Like ```r```, ```soup``` is an object. Objects _bundle together_ many variables (properties of an object)  as well as methods (actions we can perform on the object).

```soup.title``` gave us the page title. We can access other webpage properties you're probably familiar with, too. 

#### Try this out

Change the last line in the cell above to display the following page elements (or 'tags', for short) stored in the ```soup``` object:

- img
- table
- tr
- a

So far we can get webpage elements / tags, but only the first example of any given tag. Learn more about BeautifulSoup [here](https://www.crummy.com/software/BeautifulSoup/bs4/doc/), such as the ```find_all()``` method that helps us extract all instances of a given element. 

#### Collect data from the table
Let's get a bit more data.
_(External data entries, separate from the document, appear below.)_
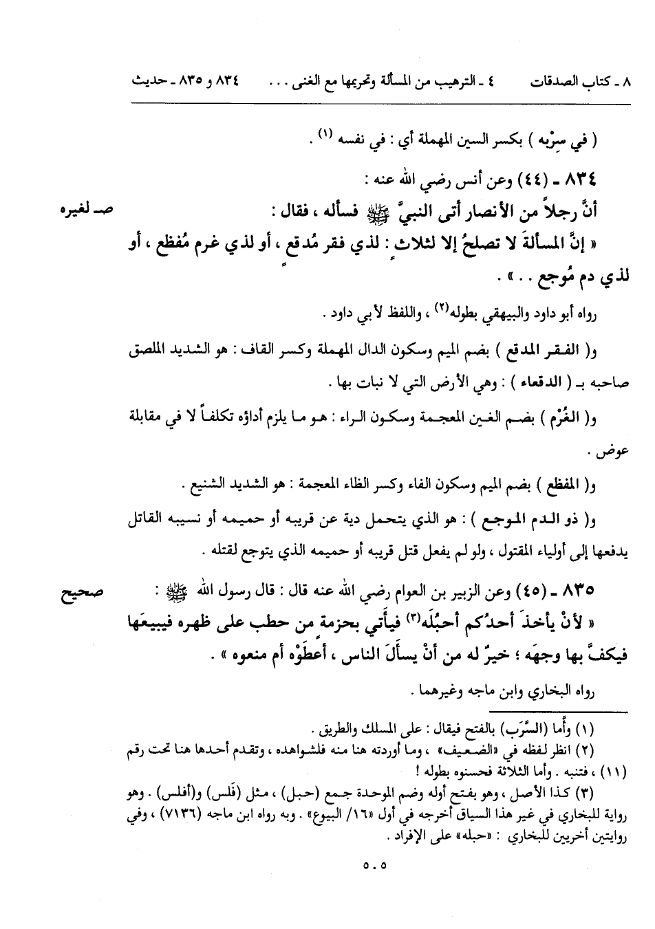 "إنَّ المسألةَ لا تصلحُ إلا لثلاثٍ: لذي فقر مُدقعٍ، أو لذي غرم مُفظع، أو لذي دم مُوجع. . ".
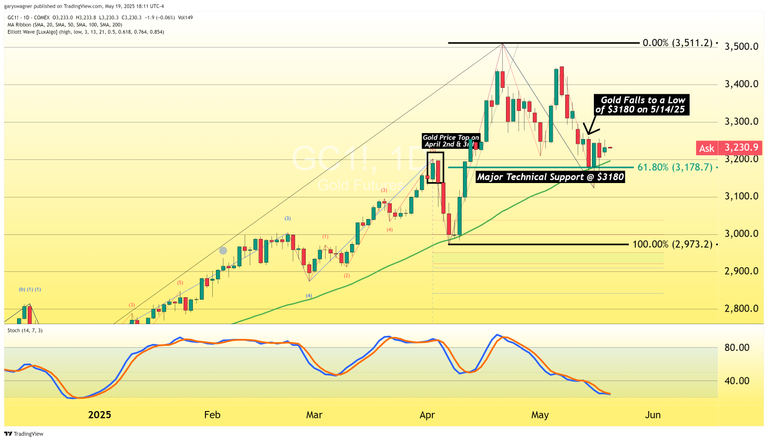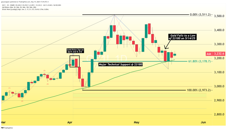 Gold futures basis the most active June 2025 contract has been able to maintain its pricing above a key level of technical support at $3180. After falling to a low of $317o on Wednesday, May 14 gold futures have been able to open and close above that key critical technical support level.
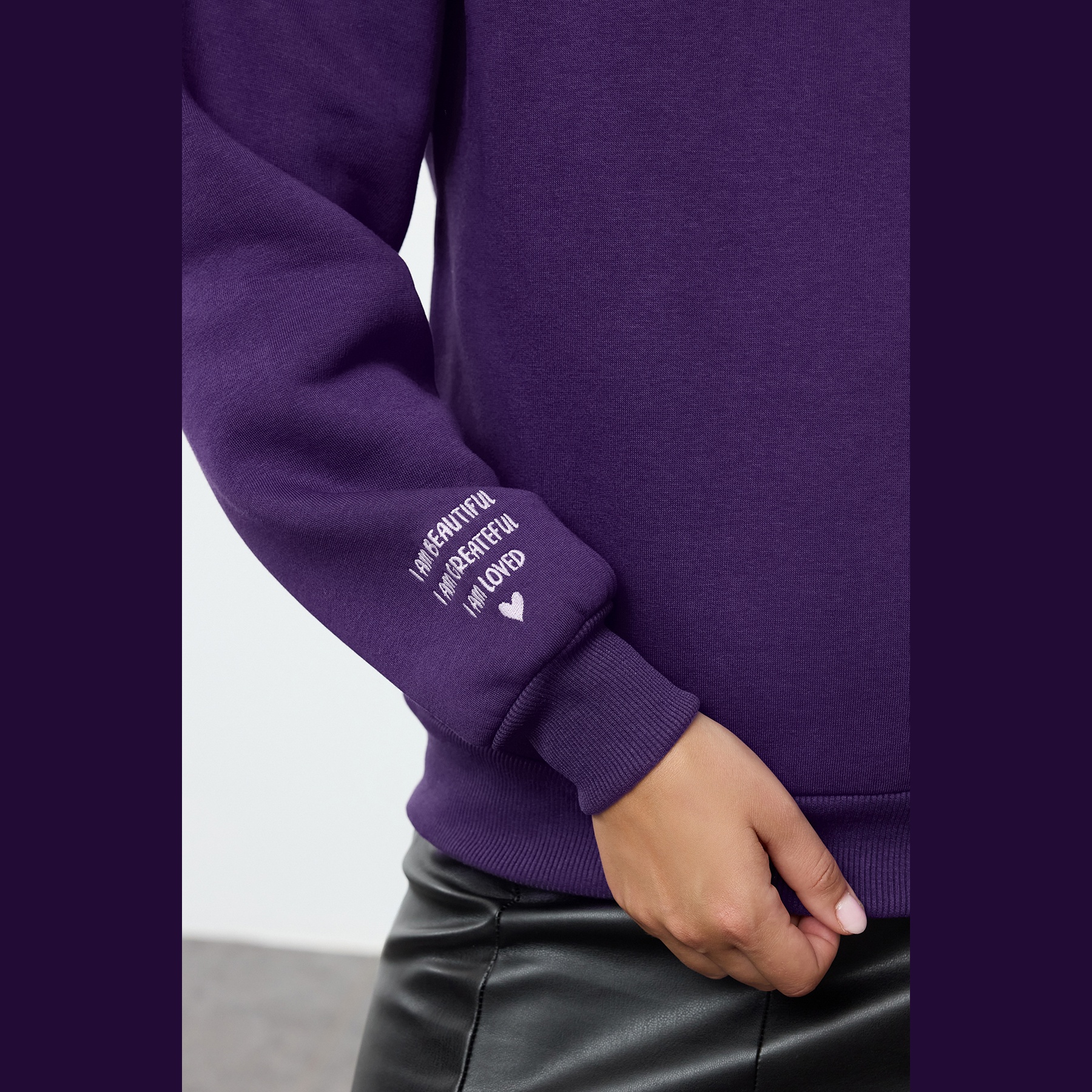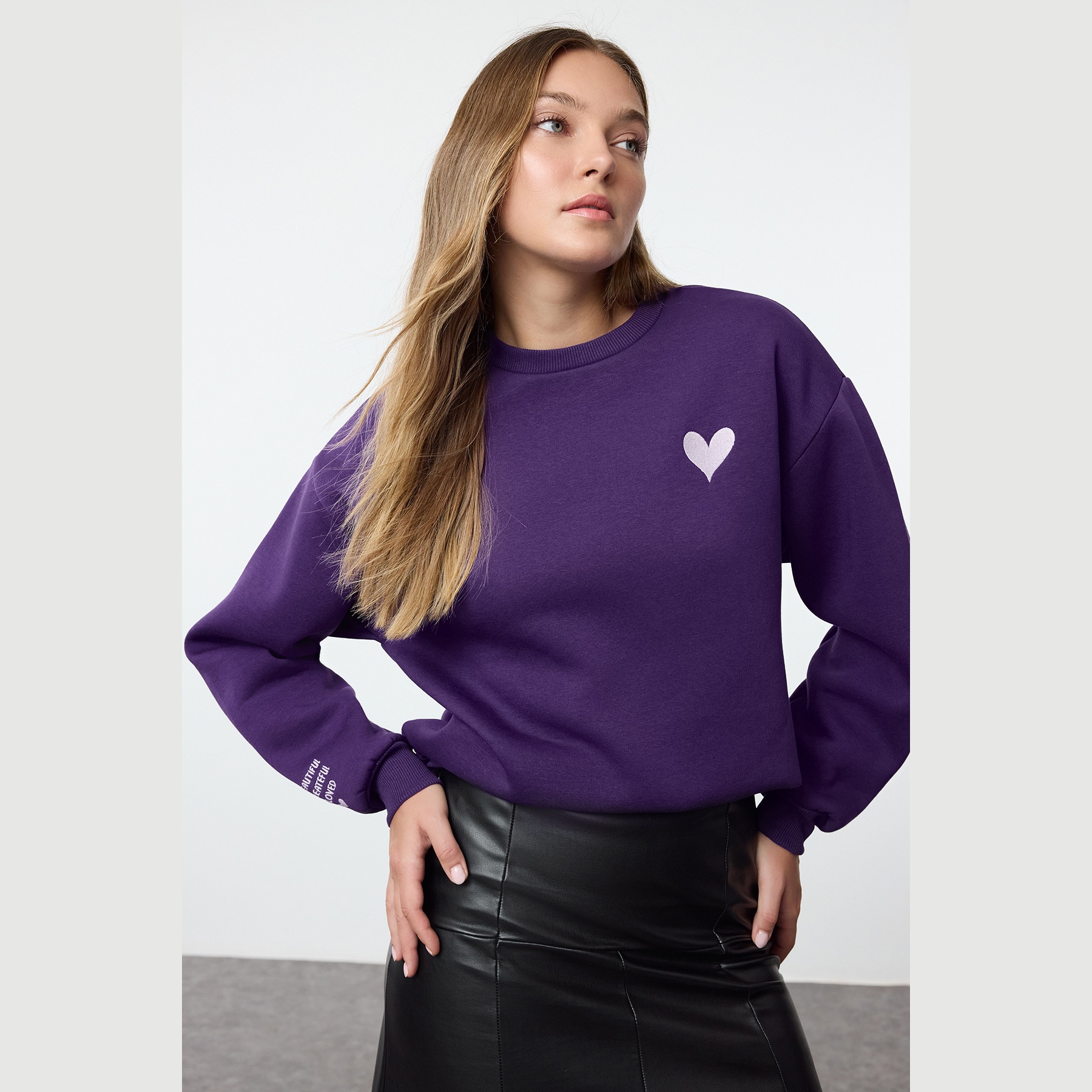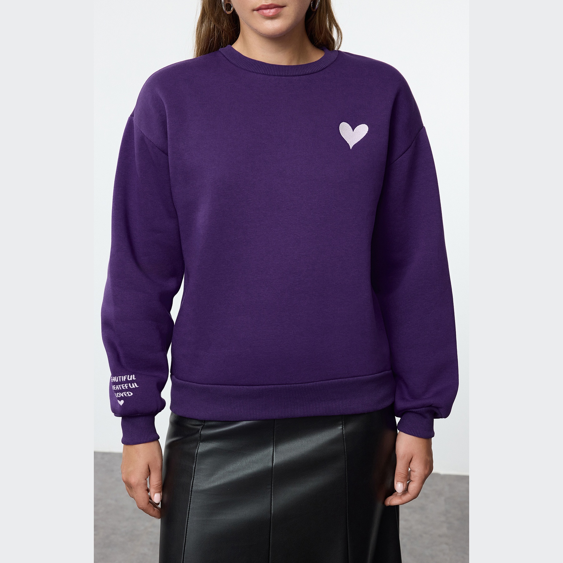 سويت شيرت نسائي – بنفسجي بتطريز شعار وقصة منتظمة (دفء شتوي بإطلالة كاجوال أنيقة)

Say we want to count adjectives in every story in the collection; we could go about it like this.

In [42]:
#Pulling out the table data from the page and storing it in a variable
#we can get away with with soup.table here because there's only one table on the page
paper_results_table = soup.table
print (paper_results_table)

#{'class':'paper_search_results'}

# Another way to do this if there were multiple tables in the page adn we wanted all of them -
#papers = soup.find_all('table')
#for table in papers:
#print(table)

<table class="paper_search_results" xmlns:fn="http://www.w3.org/2005/xpath-functions" xmlns:functx="http://www.functx.com" xmlns:ns1="https://esb.otago.ac.nz/xsd/101/paperOffering" xmlns:ns16="https://esb.otago.ac.nz/xsd/101/serverResponse" xmlns:ns2="https://esb.otago.ac.nz/xsd/101/paper" xmlns:ns3="https://esb.otago.ac.nz/xsd/101/offering" xmlns:xs="http://www.w3.org/2001/XMLSchema">
<tr>
<th>Paper code</th>
<th>Year</th>
<th>Title</th>
<th>Points</th>
<th>Teaching period</th>
</tr>
<tr class="new_papercode">
<td><a href="index.html?papercode=ENGL120">ENGL120</a></td>
<td>2020</td>
<td><a href="index.html?papercode=ENGL120#2020">Creative Writing: How to Captivate and Persuade</a></td>
<td>18 points</td>
<td>First Semester</td>
</tr>
<tr class="new_papercode">
<td><a href="index.html?papercode=ENGL121">ENGL121</a></td>
<td>2020</td>
<td><a href="index.html?papercode=ENGL121#2020">English Literature: The Remix</a></td>
<td>18 points</td>
<td>First Semester</td>
</tr>
<tr class="new_pap

In [43]:
#Pulling out the table row data from the page and storing it in a different variable
paper_results_table_rows = paper_results_table.find_all('tr')
print (paper_results_table_rows)

[<tr>
<th>Paper code</th>
<th>Year</th>
<th>Title</th>
<th>Points</th>
<th>Teaching period</th>
</tr>, <tr class="new_papercode">
<td><a href="index.html?papercode=ENGL120">ENGL120</a></td>
<td>2020</td>
<td><a href="index.html?papercode=ENGL120#2020">Creative Writing: How to Captivate and Persuade</a></td>
<td>18 points</td>
<td>First Semester</td>
</tr>, <tr class="new_papercode">
<td><a href="index.html?papercode=ENGL121">ENGL121</a></td>
<td>2020</td>
<td><a href="index.html?papercode=ENGL121#2020">English Literature: The Remix</a></td>
<td>18 points</td>
<td>First Semester</td>
</tr>, <tr class="new_papercode">
<td><a href="index.html?papercode=ENGL126">ENGL126</a></td>
<td>2020</td>
<td><a href="index.html?papercode=ENGL126#2020">English for University Purposes</a></td>
<td>18 points</td>
<td>Second Semester</td>
</tr>, <tr class="new_papercode">
<td><a href="index.html?papercode=ENGL127">ENGL127</a></td>
<td>2020</td>
<td><a href="index.html?papercode=ENGL127#2020">Effective Wri

### Preparing the csv file
Another useful task is to extract this kind of information and store it in a spreadsheet. 

In [46]:
#Create and open a file called Paper_Results_Test1.csv
#f = csv.writer(open("Paper_Results_Test1.csv", "w"))
# Write column headers as the first line
#f.writerow(["Paper code", "Year", "Title", "Points", "Teaching period"])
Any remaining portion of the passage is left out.